- [Exercise]:
Every line from the one with "ESTATE 1.0CT DIAMOND" up to and including the one with "One-tier veil (has" is to be output exactly as it appears below; pictures are not.

- [Records shown]:
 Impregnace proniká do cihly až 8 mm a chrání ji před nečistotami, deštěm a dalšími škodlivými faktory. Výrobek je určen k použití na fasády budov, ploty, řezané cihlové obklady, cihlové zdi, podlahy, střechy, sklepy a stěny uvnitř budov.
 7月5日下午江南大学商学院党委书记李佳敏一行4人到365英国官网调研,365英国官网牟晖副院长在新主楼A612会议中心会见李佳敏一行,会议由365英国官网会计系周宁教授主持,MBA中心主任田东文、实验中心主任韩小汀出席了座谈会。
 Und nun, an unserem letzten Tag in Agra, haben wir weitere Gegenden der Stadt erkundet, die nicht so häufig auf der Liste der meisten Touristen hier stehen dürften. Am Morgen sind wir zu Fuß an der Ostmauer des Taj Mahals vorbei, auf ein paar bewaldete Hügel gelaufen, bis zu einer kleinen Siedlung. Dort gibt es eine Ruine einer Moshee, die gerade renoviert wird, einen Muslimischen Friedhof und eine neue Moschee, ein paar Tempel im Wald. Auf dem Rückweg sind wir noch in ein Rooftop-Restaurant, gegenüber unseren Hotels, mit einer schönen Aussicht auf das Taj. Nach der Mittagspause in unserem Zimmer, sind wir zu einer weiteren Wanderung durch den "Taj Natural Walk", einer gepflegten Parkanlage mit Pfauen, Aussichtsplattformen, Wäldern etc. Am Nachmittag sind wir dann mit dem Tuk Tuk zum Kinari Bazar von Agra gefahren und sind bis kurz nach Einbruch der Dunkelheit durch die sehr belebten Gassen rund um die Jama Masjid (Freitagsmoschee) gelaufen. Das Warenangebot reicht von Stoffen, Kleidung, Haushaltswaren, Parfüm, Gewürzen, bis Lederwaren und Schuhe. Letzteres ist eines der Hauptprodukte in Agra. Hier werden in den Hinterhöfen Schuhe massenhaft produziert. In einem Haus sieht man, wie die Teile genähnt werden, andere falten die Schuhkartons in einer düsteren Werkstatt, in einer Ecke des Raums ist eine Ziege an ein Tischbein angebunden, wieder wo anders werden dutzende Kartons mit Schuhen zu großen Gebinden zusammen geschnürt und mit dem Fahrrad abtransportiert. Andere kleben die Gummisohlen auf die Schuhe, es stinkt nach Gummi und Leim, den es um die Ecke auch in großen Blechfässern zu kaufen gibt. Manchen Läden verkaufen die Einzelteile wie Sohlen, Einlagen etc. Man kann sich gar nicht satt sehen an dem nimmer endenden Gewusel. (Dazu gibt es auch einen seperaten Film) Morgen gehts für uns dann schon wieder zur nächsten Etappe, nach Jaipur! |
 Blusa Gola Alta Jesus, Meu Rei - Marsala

--

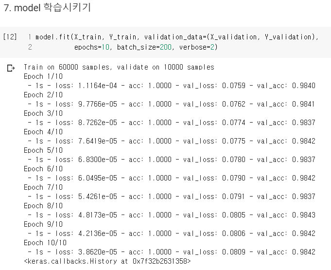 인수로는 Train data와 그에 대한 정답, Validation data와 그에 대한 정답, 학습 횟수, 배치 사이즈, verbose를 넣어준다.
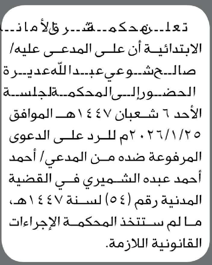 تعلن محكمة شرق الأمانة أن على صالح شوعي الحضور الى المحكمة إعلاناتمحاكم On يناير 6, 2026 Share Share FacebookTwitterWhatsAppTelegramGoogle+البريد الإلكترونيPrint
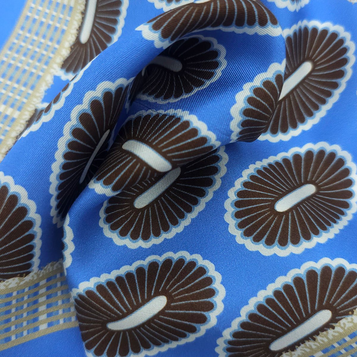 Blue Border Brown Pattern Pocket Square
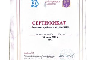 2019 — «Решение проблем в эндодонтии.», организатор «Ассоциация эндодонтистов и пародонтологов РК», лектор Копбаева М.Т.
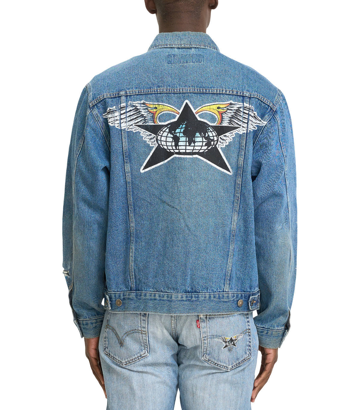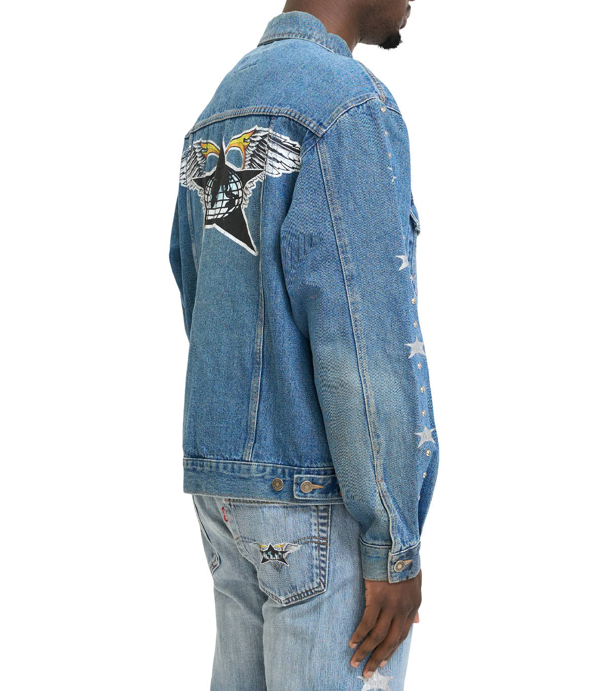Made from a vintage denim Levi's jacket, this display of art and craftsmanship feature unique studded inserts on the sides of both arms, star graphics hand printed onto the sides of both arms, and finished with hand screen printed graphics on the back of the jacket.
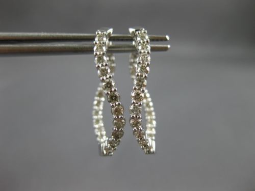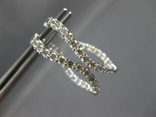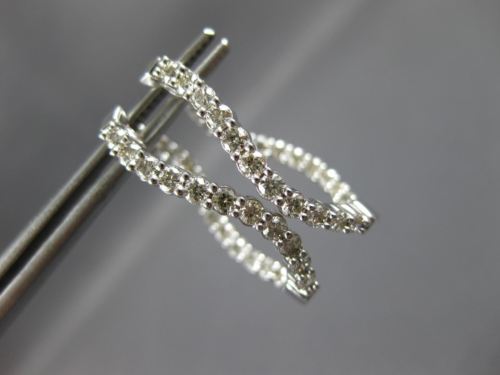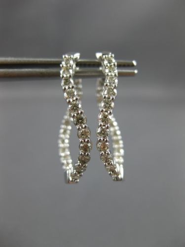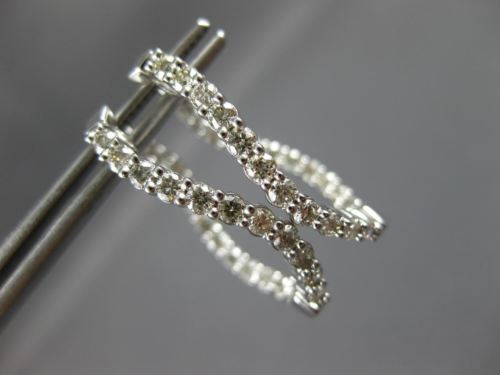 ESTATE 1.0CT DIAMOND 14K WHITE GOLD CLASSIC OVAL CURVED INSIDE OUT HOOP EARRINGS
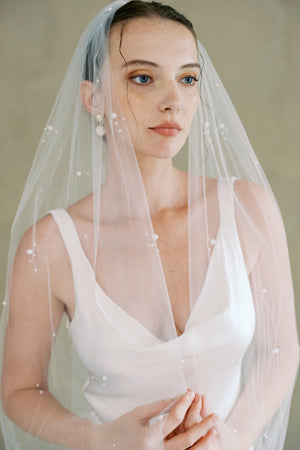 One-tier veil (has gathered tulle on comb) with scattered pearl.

- [The completed task]:
 ESTATE 1.0CT DIAMOND 14K WHITE GOLD CLASSIC OVAL CURVED INSIDE OUT HOOP EARRINGS
 One-tier veil (has gathered tulle on comb) with scattered pearl.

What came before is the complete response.